Black holes are objects with an intense gravitational pull so strong that not even beams of light, the fastest things in the universe, can escape. This makes them impossible to see directly, and so astronomers have had to use a variety of clever techniques to confirm that they actually exist.
Over the past few years, spectacular observations using gravitational wave detectors and vast telescope arrays have given us pretty good reasons to believe that black holes are lurking out there in the darkness. We’ve even caught one on camera in 2019, when we finally took a direct picture of the “event horizon” that marks the point of no escape from a black hole. But why do we care?
Black holes are cast-iron predictions of general relativity, Einstein’s peerless theory of gravity, and yet they stretch it to breaking point. General relativity says that matter warps space and time; black holes are simply very dense agglomerations of matter. But simple it isn’t. General relativity’s equations fail catastrophically at a black hole’s centre, known as its singularity, where the warping of space-time simply goes off the scale.
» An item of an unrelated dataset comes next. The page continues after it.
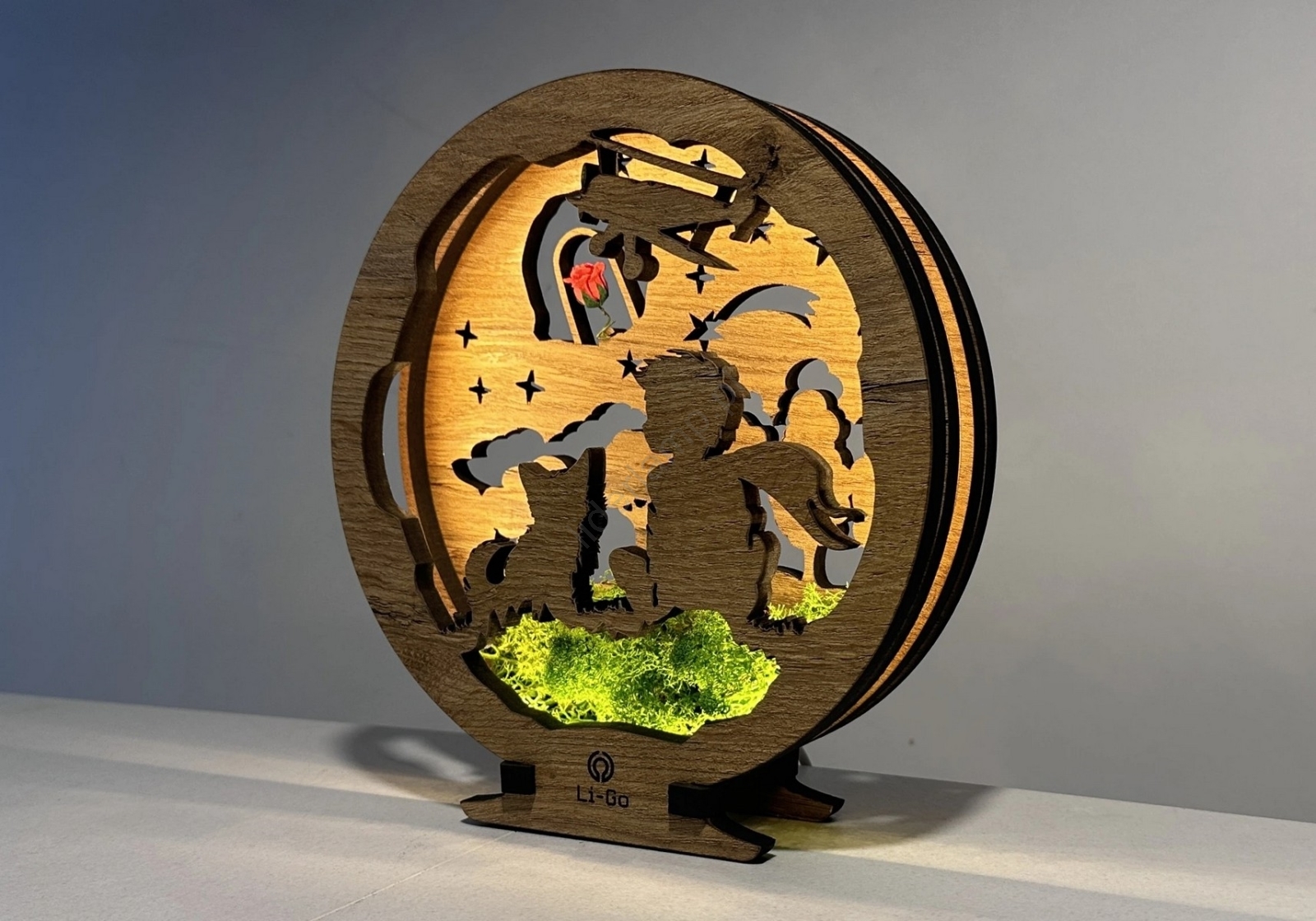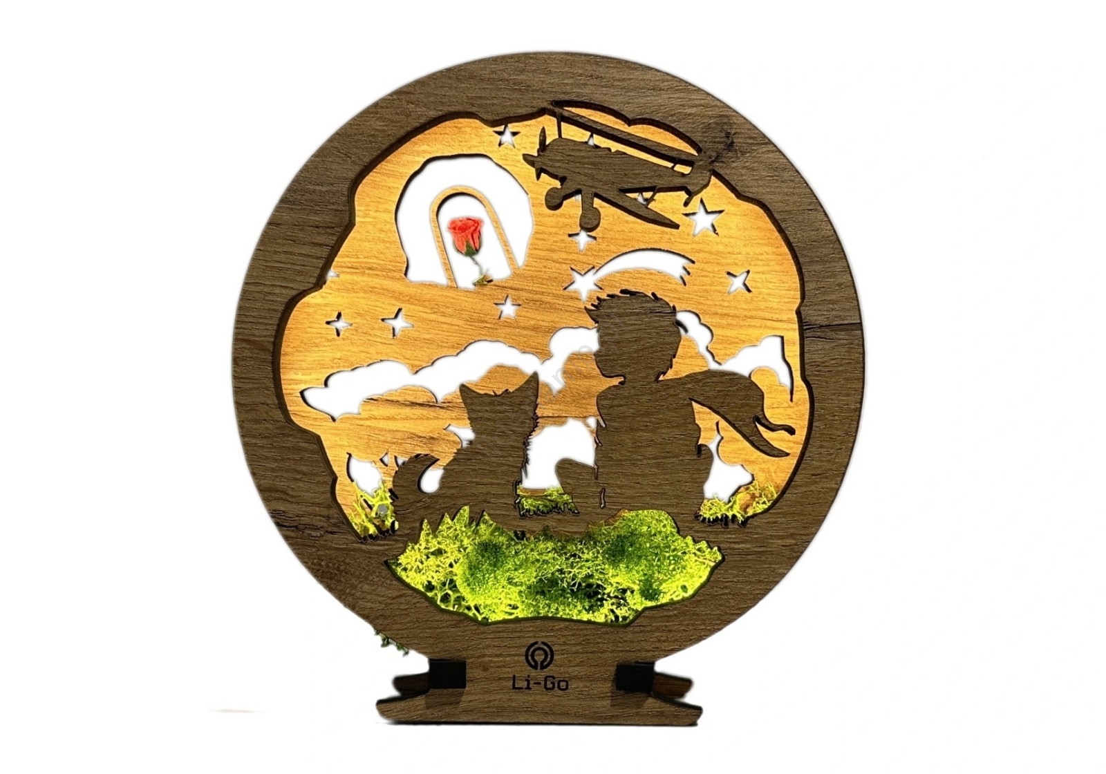 Li-Go 23634/DUB2 - LED ściemnialna dekoracja stołowa LED/12W/230V 20x22 cm dąb/Mały Książę z różą

Even Einstein thought that these cosmic objects were too absurd to be real. Though we can’t see them, we infer their presence from their influence on nearby matter as they suck in gas and dust and stars, the contortions of which produce awesome light shows. In 2015, when we detected gravitational waves for the first time, the observed ripples in space-time matched the predicted signal from two black holes spiralling into one another and merging.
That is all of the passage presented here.